Pour la majorité des membres de la Commission, la politique économique suisse des cinq prochaines années doit avant tout être basée sur la croissance et la concurrence, la responsabilité individuelle et le fonctionnement libre des règles du marché. La Suisse, dit le rapport, a trop souffert de la rigidité de ses structures, qui a pénalisé sa croissance plus encore que le louvoiement des politiques monétaire, salariale ou d'immigration. Il s'agit désormais d'adopter une «politique des étrangers plus opportune, ainsi qu'une politique monétaire et financière constante».

En clair, ce concept se traduit par une série de mesures fondamentales. D'abord, la création et l'utilisation d'un «capital humain qualifié». Cela passe par une politique d'immigration qui favorise nettement la main d'œuvre qualifiée, surtout en provenance de l'Union européenne vu la signature des accords bilatéraux. La formation doit favoriser à la fois l'apprentissage, les passerelles entre les diverses voies éducatives, le relèvement du seuil d'accès aux études supérieures (sélection d'entrée à l'université, renchérissement des études et système de bourses) et la concurrence accrue entre écoles privées et publiques à travers la mise sur pied de «bons de formation», suivant l'exemple américain.
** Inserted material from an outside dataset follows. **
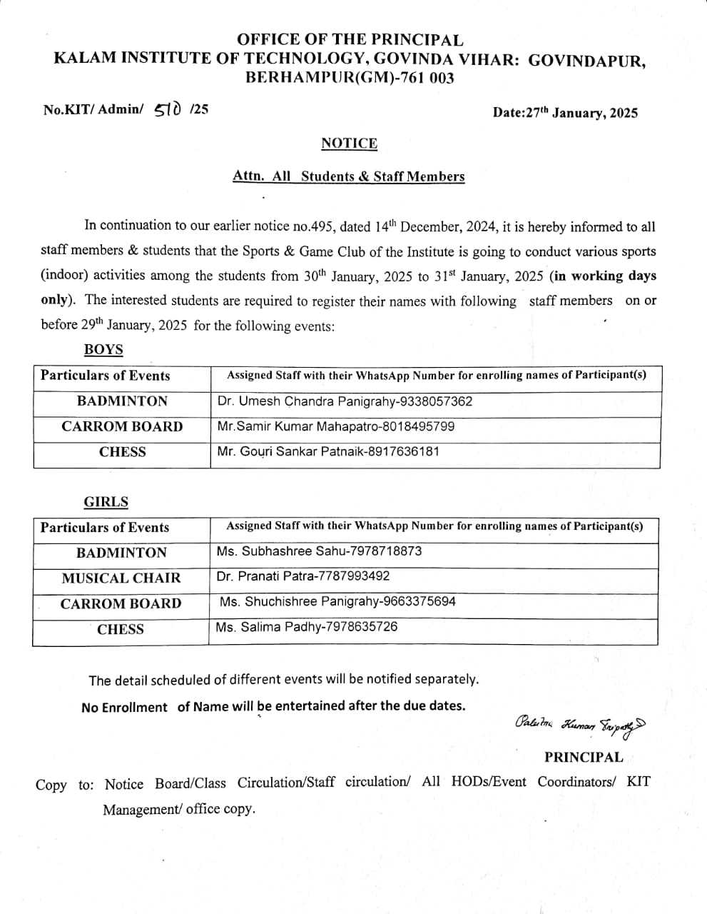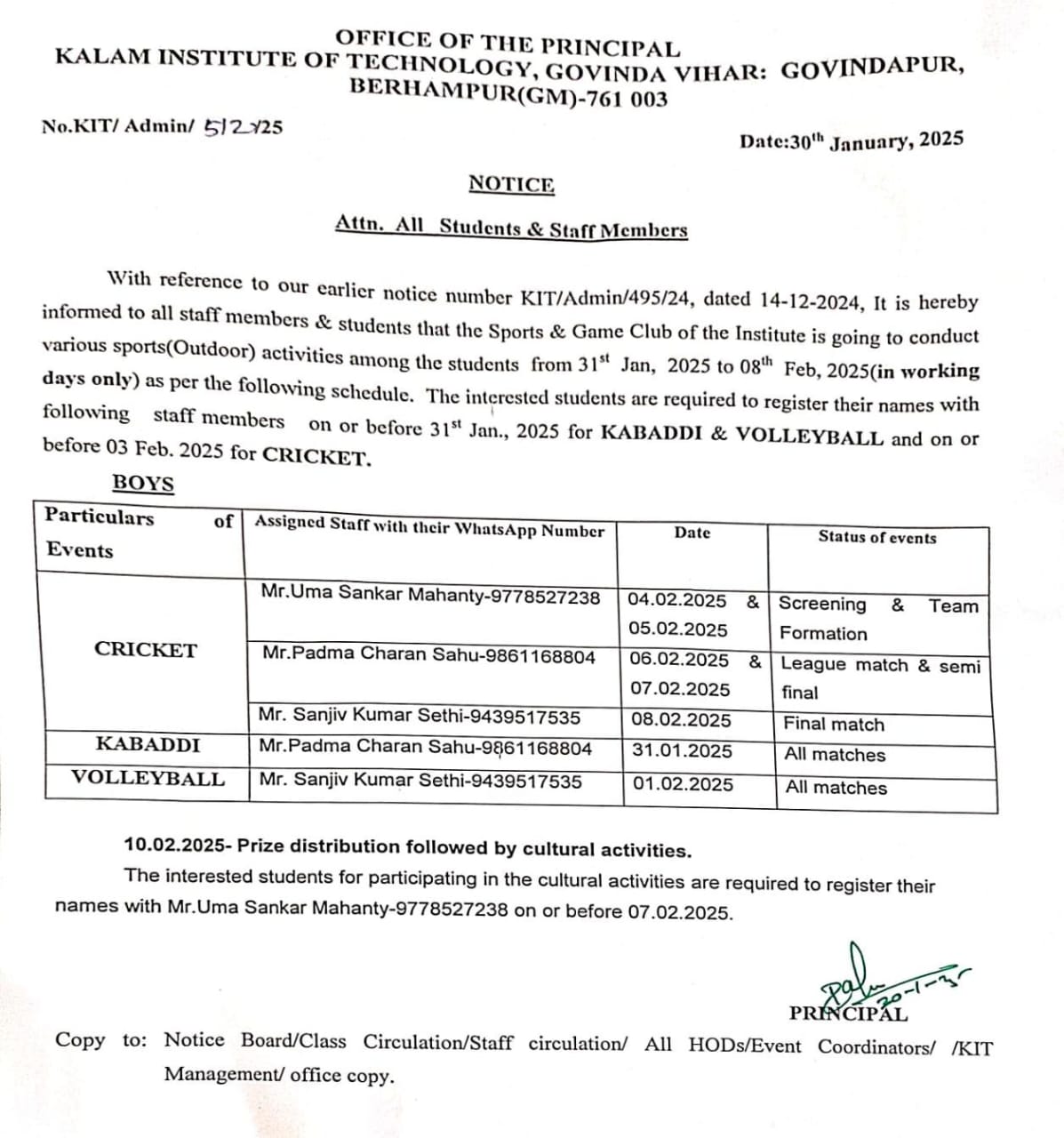 SPORTS NOTICE FOR OUTDOOR GAMES |

Deuxième axe, la flexibilisation du marché du travail. Sa réglementation, dit le rapport, ne doit pas «inutilement limiter l'exploitation du capital humain». Par exemple, «la fixation de durées maximales de travail et de salaires minimaux dans les conventions collectives de travail est à proscrire». Dans le même ordre d'idées, l'assurance chômage doit davantage inciter à retrouver rapidement un emploi, par des prestations dégressives.
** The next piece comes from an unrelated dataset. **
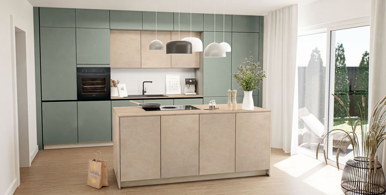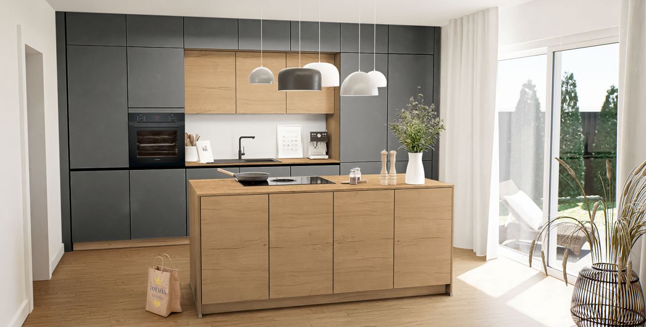 Inklusive Einbaubackofen schwarz Siemens HB234ABB3 Energieeffizienzklasse A+, Glaskeramik Kochfeld mit Induktion und Kochfeldabzug (Umluft) Bora GP4U, Kühlschrank Laurus LKG88E Energieeffizienzklasse E, Einbau-Designspüle Elleci Logik 300, XL-Schränken, Wandschränken mit Klappe
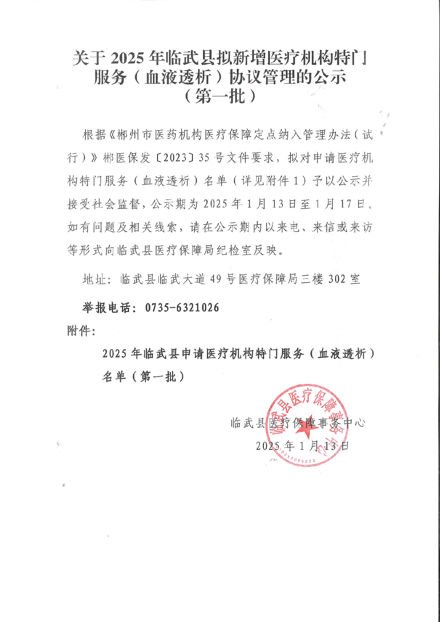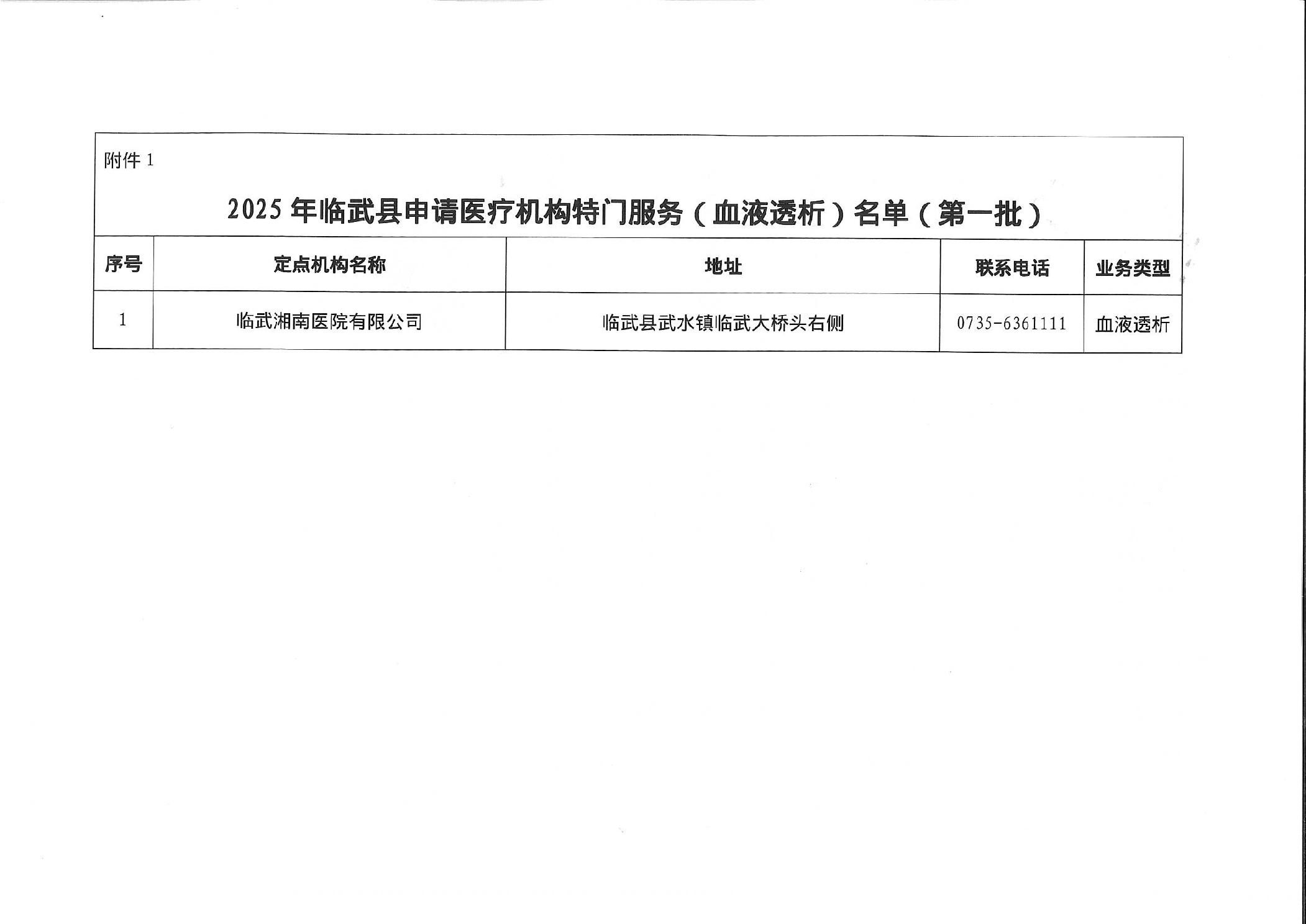 关于2025年临武县拟新增医疗机构特门服务(血液透析)协议管理的公示(第一批)

Troisième mesure, une privatisation systématique des infrastructures: séparation des activités (notamment pour le réseau ferré et l'exploitation des trains), suppression des privilèges de Swisscom, privatisation de La Poste. Ulrich Kohli estime que les prestations non rentables, comme la distribution de courrier dans les régions périphériques, pourraient être «ponctuellement subventionnées». Radio et télévision devraient être totalement ouvertes aux prestataires privés.
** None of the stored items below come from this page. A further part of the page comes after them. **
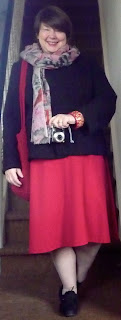 Heute ist rot mit dunke schwer angesagt beim MMM. Auch Deine Kombi gefällt mir ausgesprochen gut, Starke Farben! Auch mit dem lila. Ich finde die Kombi mit der Walkjacke besonders toll, weil mehr von dem Kleid zu sehen ist 😉 LG Kuestensocke
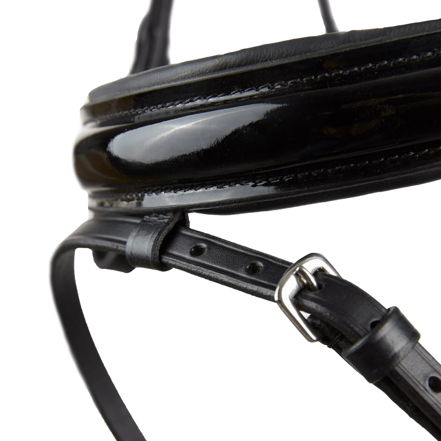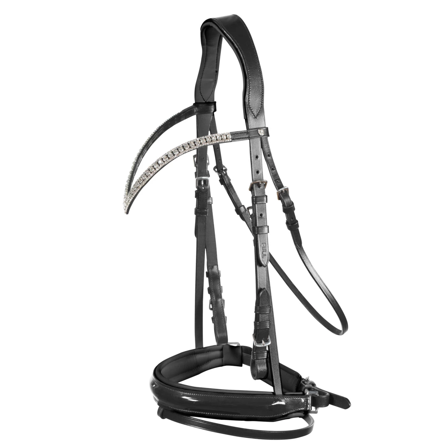 - Classic snaffle dressage bridle for horseback riding. Reins not included
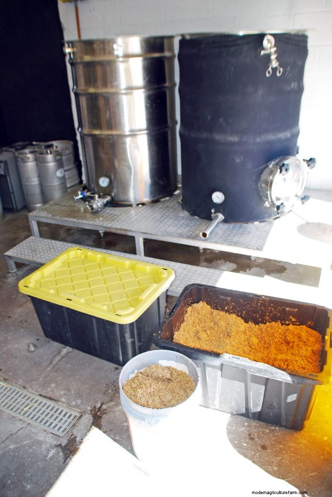 In the usual brewing process, crushed malted barley, sometimes with other grains like wheat or oats, is steeped in hot water to convert starches to sugars, for later fermentation enzymatically. The sugary liquid (called “wort”) is then strained and boiled with hops to create the liquid fermented into beer, with damp, slightly sweet grains as leftovers. These grains, termed “brewery spent grains” or “BSG” in the industry, can be fed to horses, cattle, swine, or chickens.

Quatrième mesure, changer la fiscalité. Outre une nette baisse de l'imposition des entreprises et la suppression des taxes sur les transactions, l'impôt sur le revenu devrait être transformé en un «impôt sur la consommation effective», libérant l'épargne de toute ponction. L'AVS pourrait être financée en partie par la TVA au profit de ponctions salariales moindres. Le libre choix de la caisse de pension fait aussi partie des objectifs de la Commission.

Pour l'intégration de la Suisse à l'économie mondiale, la Commission mise sur l'OMC, et non sur l'adhésion à l'Union européenne, qui n'a pas droit à une seule mention. Une transformation fondamentale de l'agriculture est évidemment nécessaire.

Dernière curiosité: la suppression du surveillant des prix, poste trop politisé, dont la tâche serait désormais confiée à la Commission de la concurrence. Interrogé, Werner Marti réagit: «La remise en question de mon poste ne m'offusque pas. Mais le peuple a manifesté par deux fois son attachement à une fonction régulatrice qui dépasse les questions de concurrence et qui sert d'arbitre lorsque, justement, les règles du marché ne fonctionnent plus. Cette proposition est purement idéologique.»

Même réaction de la part du syndicaliste Serge Gaillard, qui signe une «note de minorité» à la fin du rapport – la sous-commission qui a rédigé le rapport l'a voté à 10 voix contre 3. «Dès le départ, il était clair que ce document serait inutile. Avant de lancer un concept, il faut parler des problèmes que l'on veut résoudre, ce que ne fait pas le rapport: chômage, infrastructures, aucun problème concret n'est abordé. Je regrette que ce ne soit pas un travail de consensus. Mais ce texte n'est que l'œuvre de quelques professeurs ultralibéraux, pas des ténors de l'économie. Sa portée est très limitée.»